Each line containing the string "from" should be copied out of the entries.

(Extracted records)
================

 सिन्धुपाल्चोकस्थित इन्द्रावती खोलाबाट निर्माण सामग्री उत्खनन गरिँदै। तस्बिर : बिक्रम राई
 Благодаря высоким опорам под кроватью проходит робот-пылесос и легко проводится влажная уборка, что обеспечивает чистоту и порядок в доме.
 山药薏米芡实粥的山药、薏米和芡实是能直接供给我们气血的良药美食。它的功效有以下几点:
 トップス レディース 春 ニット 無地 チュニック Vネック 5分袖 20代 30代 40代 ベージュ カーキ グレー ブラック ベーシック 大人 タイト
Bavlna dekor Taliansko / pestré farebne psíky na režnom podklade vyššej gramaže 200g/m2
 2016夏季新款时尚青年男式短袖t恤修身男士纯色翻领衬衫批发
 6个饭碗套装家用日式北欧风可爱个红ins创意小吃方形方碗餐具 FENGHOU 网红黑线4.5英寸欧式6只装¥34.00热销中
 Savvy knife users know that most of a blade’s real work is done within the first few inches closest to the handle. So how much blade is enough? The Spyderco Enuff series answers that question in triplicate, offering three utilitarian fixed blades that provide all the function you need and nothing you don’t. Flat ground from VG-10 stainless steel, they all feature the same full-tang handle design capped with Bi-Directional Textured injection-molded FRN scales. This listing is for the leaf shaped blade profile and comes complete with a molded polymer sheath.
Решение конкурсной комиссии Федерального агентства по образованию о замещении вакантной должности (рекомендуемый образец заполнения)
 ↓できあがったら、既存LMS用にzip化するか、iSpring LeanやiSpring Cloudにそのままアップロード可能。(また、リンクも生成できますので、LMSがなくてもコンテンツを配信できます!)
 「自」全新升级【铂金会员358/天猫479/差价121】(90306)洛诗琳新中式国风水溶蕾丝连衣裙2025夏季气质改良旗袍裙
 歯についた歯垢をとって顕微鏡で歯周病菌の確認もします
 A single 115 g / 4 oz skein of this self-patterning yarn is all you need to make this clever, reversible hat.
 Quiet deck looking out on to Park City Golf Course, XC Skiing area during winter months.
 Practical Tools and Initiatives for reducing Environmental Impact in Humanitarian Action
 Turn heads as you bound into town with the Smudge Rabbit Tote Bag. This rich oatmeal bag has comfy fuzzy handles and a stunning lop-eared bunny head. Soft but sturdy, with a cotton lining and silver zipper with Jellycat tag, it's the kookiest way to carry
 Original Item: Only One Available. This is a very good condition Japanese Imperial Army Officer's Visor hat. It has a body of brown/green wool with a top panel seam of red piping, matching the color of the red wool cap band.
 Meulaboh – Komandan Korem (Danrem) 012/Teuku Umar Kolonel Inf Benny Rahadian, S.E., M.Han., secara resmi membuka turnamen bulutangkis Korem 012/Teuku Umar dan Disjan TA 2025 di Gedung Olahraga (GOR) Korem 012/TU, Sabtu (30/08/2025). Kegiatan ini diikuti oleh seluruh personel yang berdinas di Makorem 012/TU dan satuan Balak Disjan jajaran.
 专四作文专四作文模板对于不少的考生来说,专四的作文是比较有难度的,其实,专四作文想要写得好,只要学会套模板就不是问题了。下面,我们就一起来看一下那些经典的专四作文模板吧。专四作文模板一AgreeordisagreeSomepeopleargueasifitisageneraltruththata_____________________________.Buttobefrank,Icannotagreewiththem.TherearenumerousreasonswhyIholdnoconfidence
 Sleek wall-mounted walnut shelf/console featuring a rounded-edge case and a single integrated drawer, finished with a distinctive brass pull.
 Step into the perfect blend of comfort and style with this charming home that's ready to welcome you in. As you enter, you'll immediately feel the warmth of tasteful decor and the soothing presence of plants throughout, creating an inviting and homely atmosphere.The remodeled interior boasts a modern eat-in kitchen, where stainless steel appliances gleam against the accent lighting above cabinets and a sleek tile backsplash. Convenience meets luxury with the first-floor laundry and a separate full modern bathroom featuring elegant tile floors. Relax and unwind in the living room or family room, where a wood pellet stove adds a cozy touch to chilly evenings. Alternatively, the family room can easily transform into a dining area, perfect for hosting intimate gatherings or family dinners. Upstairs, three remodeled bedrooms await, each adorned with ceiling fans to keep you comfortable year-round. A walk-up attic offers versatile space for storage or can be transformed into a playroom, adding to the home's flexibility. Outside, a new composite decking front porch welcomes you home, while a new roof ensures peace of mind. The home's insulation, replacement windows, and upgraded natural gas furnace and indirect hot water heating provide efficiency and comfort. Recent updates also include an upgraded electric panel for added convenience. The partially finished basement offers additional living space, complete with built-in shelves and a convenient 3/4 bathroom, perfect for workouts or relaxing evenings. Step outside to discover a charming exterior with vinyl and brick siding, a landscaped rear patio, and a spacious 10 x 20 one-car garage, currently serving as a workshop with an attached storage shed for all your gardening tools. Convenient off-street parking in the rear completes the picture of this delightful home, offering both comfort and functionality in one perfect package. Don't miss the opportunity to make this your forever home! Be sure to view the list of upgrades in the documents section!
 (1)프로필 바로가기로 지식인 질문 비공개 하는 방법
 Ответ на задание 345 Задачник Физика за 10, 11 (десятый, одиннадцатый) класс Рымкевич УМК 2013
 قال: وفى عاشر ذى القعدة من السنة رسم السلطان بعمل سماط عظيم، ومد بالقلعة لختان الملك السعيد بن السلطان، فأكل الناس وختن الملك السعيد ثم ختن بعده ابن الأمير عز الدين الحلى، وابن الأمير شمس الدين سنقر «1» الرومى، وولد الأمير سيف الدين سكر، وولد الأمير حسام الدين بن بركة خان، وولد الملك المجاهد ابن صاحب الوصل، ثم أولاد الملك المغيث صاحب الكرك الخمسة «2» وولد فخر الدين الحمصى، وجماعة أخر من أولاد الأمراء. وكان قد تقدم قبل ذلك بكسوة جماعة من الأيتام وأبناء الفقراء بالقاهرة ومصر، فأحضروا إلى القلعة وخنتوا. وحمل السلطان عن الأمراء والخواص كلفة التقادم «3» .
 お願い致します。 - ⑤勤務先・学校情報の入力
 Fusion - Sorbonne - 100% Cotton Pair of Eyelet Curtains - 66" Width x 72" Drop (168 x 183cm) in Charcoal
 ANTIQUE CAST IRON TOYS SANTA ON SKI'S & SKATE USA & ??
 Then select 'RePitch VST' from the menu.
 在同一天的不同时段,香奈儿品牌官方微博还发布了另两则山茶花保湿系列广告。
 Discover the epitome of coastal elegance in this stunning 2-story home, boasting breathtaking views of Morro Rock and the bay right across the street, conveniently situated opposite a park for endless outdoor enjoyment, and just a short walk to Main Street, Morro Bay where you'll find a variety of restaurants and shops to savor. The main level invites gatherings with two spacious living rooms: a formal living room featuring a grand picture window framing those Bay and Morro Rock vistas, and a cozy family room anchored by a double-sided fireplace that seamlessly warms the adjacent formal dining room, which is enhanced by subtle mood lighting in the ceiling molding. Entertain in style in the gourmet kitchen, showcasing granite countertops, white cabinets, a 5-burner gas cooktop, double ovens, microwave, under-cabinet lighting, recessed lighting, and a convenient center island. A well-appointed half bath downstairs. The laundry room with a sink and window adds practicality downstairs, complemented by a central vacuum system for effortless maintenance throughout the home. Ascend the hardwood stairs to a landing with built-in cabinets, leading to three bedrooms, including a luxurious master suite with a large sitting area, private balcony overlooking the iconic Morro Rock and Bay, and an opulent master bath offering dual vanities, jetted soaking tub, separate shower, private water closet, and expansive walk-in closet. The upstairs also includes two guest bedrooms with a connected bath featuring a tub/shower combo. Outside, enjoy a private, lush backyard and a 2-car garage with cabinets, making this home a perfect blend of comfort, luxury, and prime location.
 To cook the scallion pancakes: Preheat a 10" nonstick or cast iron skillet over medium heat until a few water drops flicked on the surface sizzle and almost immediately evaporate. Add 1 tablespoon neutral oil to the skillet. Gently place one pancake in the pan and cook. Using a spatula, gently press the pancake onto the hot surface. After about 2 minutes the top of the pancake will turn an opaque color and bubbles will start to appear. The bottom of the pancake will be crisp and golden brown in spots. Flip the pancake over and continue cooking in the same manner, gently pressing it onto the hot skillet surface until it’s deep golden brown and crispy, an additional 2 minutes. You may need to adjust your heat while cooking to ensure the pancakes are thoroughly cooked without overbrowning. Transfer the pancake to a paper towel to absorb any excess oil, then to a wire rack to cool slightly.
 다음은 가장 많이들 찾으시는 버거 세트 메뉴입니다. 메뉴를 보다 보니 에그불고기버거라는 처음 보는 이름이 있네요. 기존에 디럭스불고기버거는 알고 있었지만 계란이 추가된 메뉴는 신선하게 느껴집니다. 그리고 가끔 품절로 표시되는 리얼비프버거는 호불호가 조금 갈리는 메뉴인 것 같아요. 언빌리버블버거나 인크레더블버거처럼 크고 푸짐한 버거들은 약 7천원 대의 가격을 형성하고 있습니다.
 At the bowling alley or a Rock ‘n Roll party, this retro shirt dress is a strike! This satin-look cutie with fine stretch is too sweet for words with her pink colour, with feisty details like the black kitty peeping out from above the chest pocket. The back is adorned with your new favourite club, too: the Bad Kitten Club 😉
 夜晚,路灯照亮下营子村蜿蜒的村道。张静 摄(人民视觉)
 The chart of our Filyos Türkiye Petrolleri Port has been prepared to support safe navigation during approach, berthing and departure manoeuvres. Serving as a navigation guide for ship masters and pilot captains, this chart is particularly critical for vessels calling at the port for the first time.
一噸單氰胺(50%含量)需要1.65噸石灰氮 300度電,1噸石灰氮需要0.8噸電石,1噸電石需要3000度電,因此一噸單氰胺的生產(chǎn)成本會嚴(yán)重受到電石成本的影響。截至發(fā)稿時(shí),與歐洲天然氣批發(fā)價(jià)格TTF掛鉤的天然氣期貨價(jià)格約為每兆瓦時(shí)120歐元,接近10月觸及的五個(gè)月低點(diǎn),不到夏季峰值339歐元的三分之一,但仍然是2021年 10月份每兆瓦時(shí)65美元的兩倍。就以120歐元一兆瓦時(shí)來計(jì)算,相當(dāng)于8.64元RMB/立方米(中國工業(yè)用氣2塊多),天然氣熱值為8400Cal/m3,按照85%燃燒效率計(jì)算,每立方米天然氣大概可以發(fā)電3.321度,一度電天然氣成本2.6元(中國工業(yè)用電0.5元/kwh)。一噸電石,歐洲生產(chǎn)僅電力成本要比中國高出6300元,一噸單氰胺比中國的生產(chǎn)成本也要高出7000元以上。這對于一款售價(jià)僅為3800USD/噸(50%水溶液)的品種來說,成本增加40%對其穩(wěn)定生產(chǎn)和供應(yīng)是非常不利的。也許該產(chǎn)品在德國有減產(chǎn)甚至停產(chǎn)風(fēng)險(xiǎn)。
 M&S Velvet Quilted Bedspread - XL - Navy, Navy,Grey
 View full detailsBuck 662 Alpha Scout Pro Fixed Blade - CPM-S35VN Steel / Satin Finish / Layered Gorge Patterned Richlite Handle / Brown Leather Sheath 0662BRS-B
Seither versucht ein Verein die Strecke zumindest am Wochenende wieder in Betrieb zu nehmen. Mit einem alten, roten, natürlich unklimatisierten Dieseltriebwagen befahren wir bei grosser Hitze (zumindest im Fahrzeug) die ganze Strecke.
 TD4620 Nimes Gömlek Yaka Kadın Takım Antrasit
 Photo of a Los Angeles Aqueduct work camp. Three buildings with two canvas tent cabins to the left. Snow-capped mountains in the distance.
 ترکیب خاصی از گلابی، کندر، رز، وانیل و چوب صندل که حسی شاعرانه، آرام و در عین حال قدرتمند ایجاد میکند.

================

*Solution to this exercise*
 Savvy knife users know that most of a blade’s real work is done within the first few inches closest to the handle. So how much blade is enough? The Spyderco Enuff series answers that question in triplicate, offering three utilitarian fixed blades that provide all the function you need and nothing you don’t. Flat ground from VG-10 stainless steel, they all feature the same full-tang handle design capped with Bi-Directional Textured injection-molded FRN scales. This listing is for the leaf shaped blade profile and comes complete with a molded polymer sheath.
 Then select 'RePitch VST' from the menu.
 At the bowling alley or a Rock ‘n Roll party, this retro shirt dress is a strike! This satin-look cutie with fine stretch is too sweet for words with her pink colour, with feisty details like the black kitty peeping out from above the chest pocket. The back is adorned with your new favourite club, too: the Bad Kitten Club 😉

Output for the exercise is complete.